▶ [GIVEN DATA]:

◆ ◆ ◆ ◆ ◆ ◆ ◆

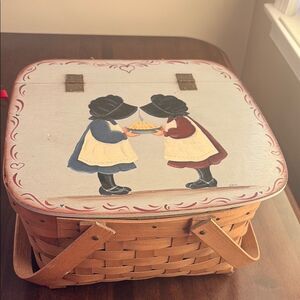 Charming woven pie picnic basket featuring a hand-painted folk art design. The lid showcases two girls in bonnets holding a steaming pie. Lid flips
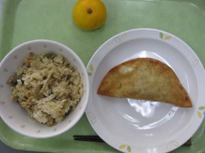 きのこごはん・ジャンボぎょうざ・みかん・牛乳
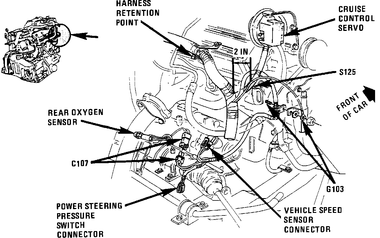 Engine harness, in Cruise Control Servo branch, 2 inches from servo breakout

◆ ◆ ◆ ◆ ◆ ◆ ◆

▶ [ACTION ITEM]:
Write the data out again exactly, but without its images.

▶ [EXERCISE SOLUTION]:
 Charming woven pie picnic basket featuring a hand-painted folk art design. The lid showcases two girls in bonnets holding a steaming pie. Lid flips
 きのこごはん・ジャンボぎょうざ・みかん・牛乳
 Engine harness, in Cruise Control Servo branch, 2 inches from servo breakout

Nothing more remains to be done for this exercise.